Question

What is the final angular speed of the barrel? -->

A barrel is given a downhill rolling start of `1.5" rad/s"` at the top of a hill. Assume a constant angular acceleration of `2.9" rad/s"^2`

1. If the barrel takes `11.5" s"` to get to the bottom of the hill, what is the final angular speed of the barrel?

2. What angular displacement does the barrel experience during the `11.5" s"` ride?

Answer 1

Part 1

Begin with the equation:

`omega = omega_0+alphat`

where `omega` is the final angular speed, `omega_0` is initial angular speed, `alpha` is the angular acceleration, and `t` is the time of the acceleration.

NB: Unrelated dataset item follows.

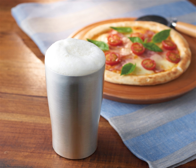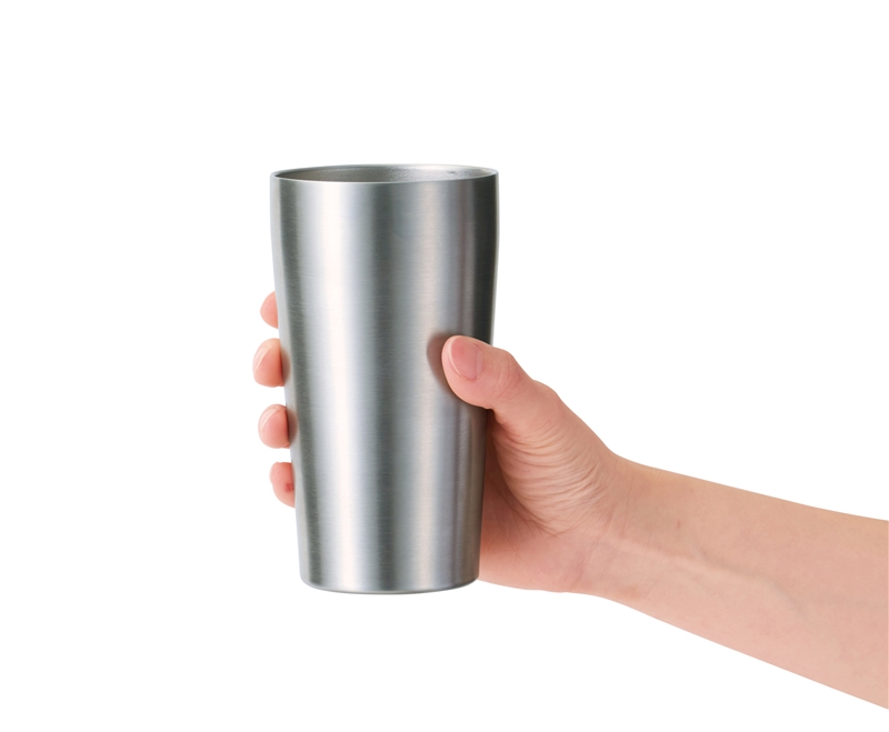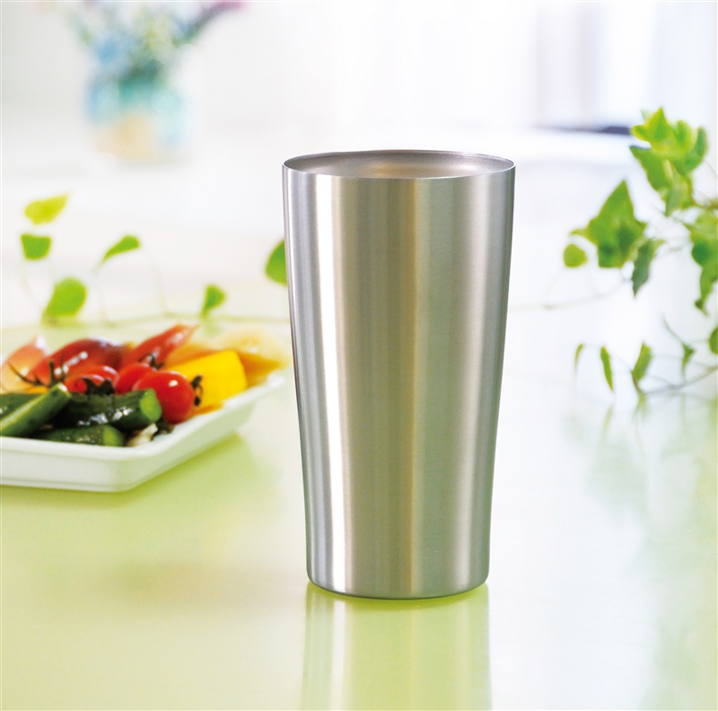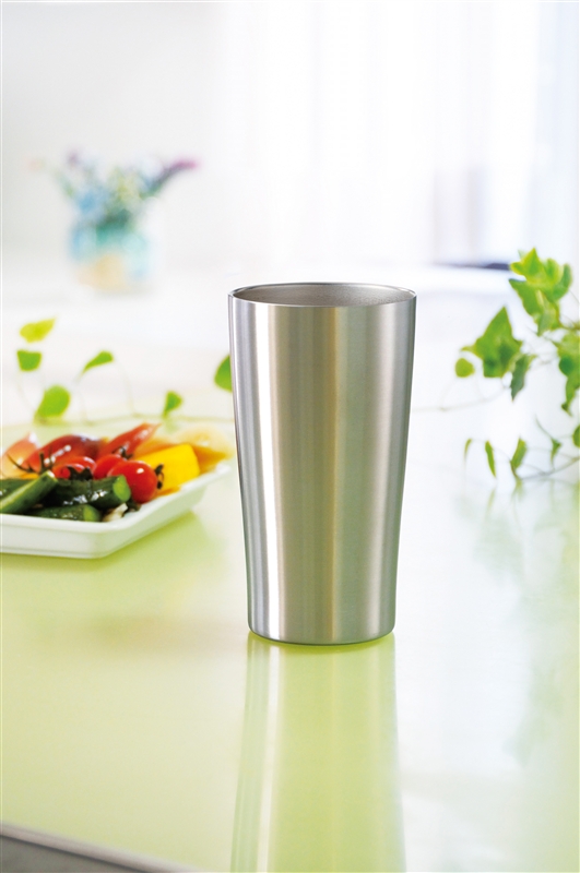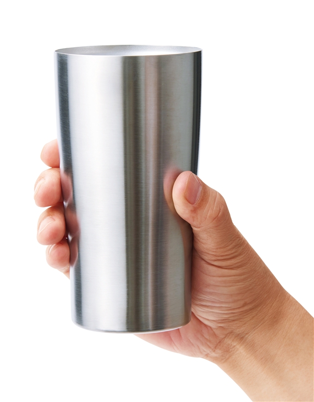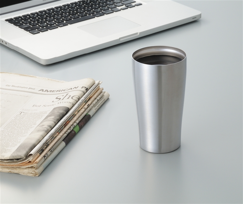 内瓶の飲み物の温度が外瓶まで伝わらず、氷を入れても結露せず、コースター不要。熱い飲み物を入れても本体が熱くなりにくく、持ちやすいタンブラーです。シンプルでスタイリッシュなデザインは名入れが映え、高級感もあり、企業の周年・設立記念品としてもおすすめです。

Given: `omega_0 = 1.5" rad/s"`, `alpha = 2.9" rad/s"^2`, and `t = 11.5" s"`

`omega = 1.5" rad/s" + (2.9" rad/s"^2)(11.5" s")`

`omega = 38.45" rad/s"`

Part 2

Begin with the equation:

`theta = theta_0+ omega_0t+1/2alphat^2`

We are not given `theta_0`, therefore, we assume that it is 0:

`theta = (1.5" rad/s")(11.5" s") + 1/2(2.9" rad/s"^2)(11.5" s")^2`

`theta = 209" rad"`